__Task objective__:
In your copy, repeat the records exactly and leave out the pictures.

Stored items from a collection:
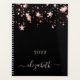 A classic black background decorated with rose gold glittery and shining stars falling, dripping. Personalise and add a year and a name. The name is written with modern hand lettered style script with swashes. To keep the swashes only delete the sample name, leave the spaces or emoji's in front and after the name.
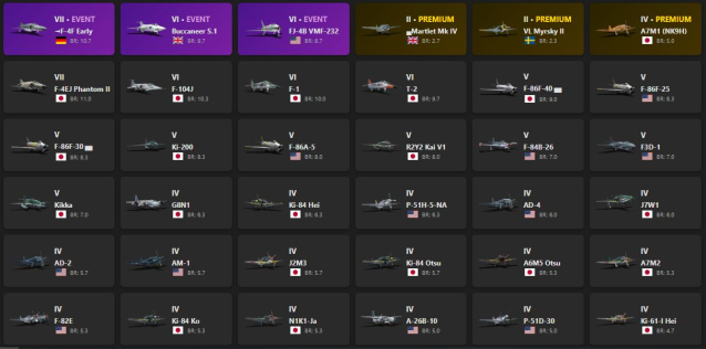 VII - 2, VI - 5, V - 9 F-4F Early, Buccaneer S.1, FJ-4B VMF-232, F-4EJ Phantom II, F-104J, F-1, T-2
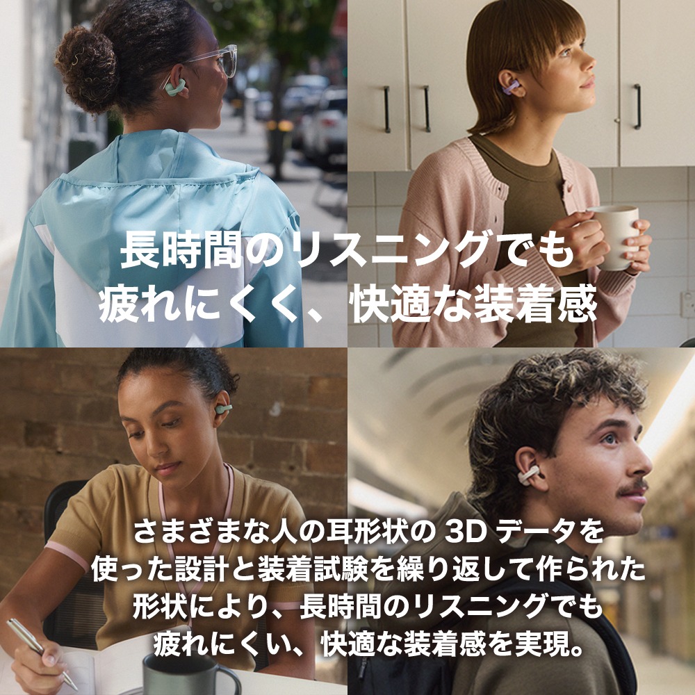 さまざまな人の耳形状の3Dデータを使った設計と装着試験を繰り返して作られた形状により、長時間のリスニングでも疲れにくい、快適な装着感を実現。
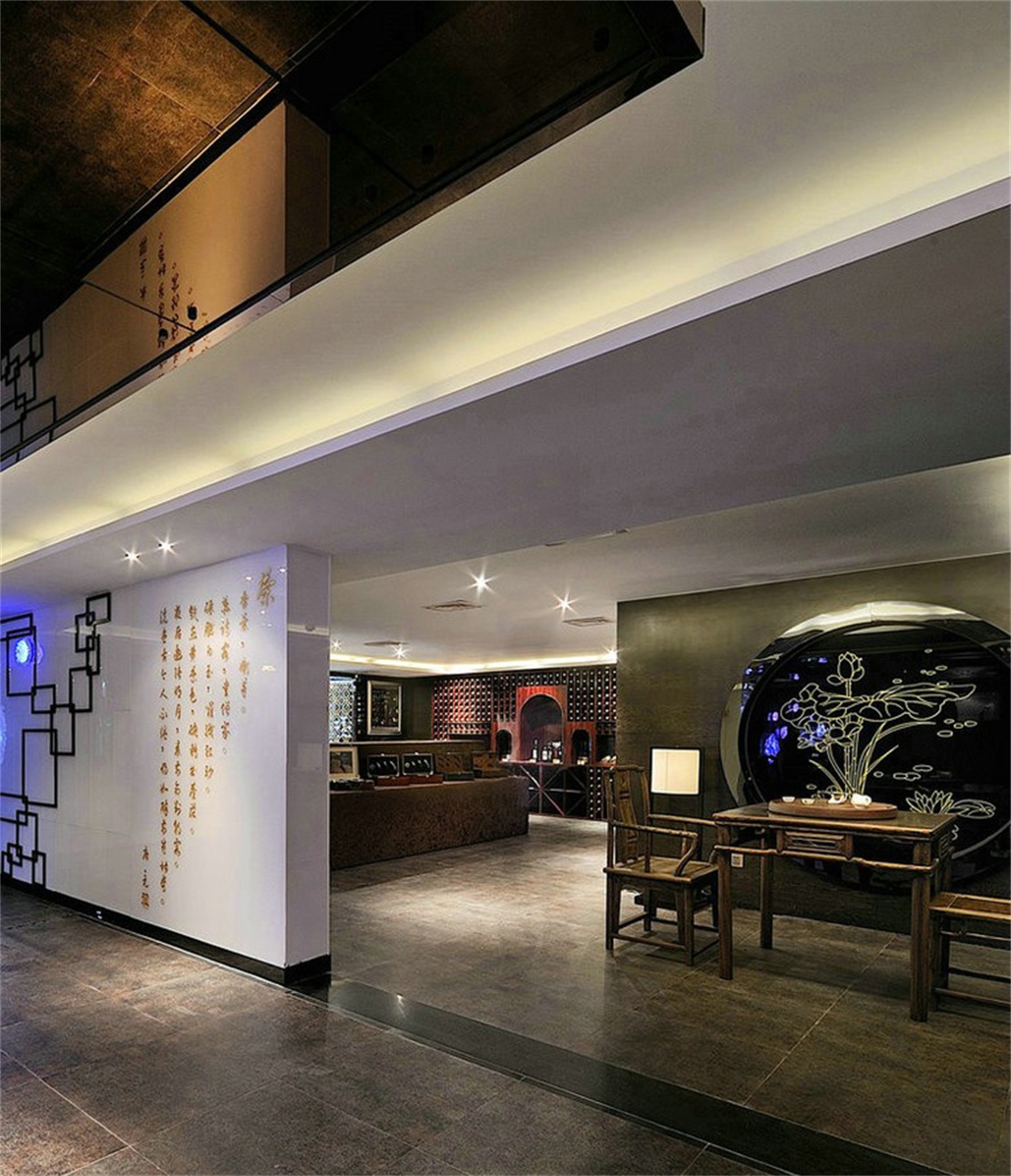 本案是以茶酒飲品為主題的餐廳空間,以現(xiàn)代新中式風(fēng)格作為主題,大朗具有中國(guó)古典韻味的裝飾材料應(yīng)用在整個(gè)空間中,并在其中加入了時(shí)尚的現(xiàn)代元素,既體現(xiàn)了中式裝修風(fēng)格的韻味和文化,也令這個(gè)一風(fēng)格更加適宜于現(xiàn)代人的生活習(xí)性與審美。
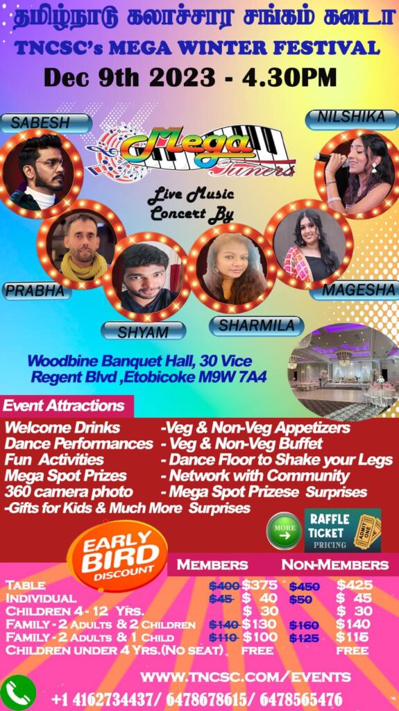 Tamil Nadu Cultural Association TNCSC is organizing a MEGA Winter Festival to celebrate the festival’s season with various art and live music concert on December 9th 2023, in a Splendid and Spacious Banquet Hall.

__Final answer__:
 A classic black background decorated with rose gold glittery and shining stars falling, dripping. Personalise and add a year and a name. The name is written with modern hand lettered style script with swashes. To keep the swashes only delete the sample name, leave the spaces or emoji's in front and after the name.
 VII - 2, VI - 5, V - 9 F-4F Early, Buccaneer S.1, FJ-4B VMF-232, F-4EJ Phantom II, F-104J, F-1, T-2
 さまざまな人の耳形状の3Dデータを使った設計と装着試験を繰り返して作られた形状により、長時間のリスニングでも疲れにくい、快適な装着感を実現。
 本案是以茶酒飲品為主題的餐廳空間,以現(xiàn)代新中式風(fēng)格作為主題,大朗具有中國(guó)古典韻味的裝飾材料應(yīng)用在整個(gè)空間中,并在其中加入了時(shí)尚的現(xiàn)代元素,既體現(xiàn)了中式裝修風(fēng)格的韻味和文化,也令這個(gè)一風(fēng)格更加適宜于現(xiàn)代人的生活習(xí)性與審美。
 Tamil Nadu Cultural Association TNCSC is organizing a MEGA Winter Festival to celebrate the festival’s season with various art and live music concert on December 9th 2023, in a Splendid and Spacious Banquet Hall.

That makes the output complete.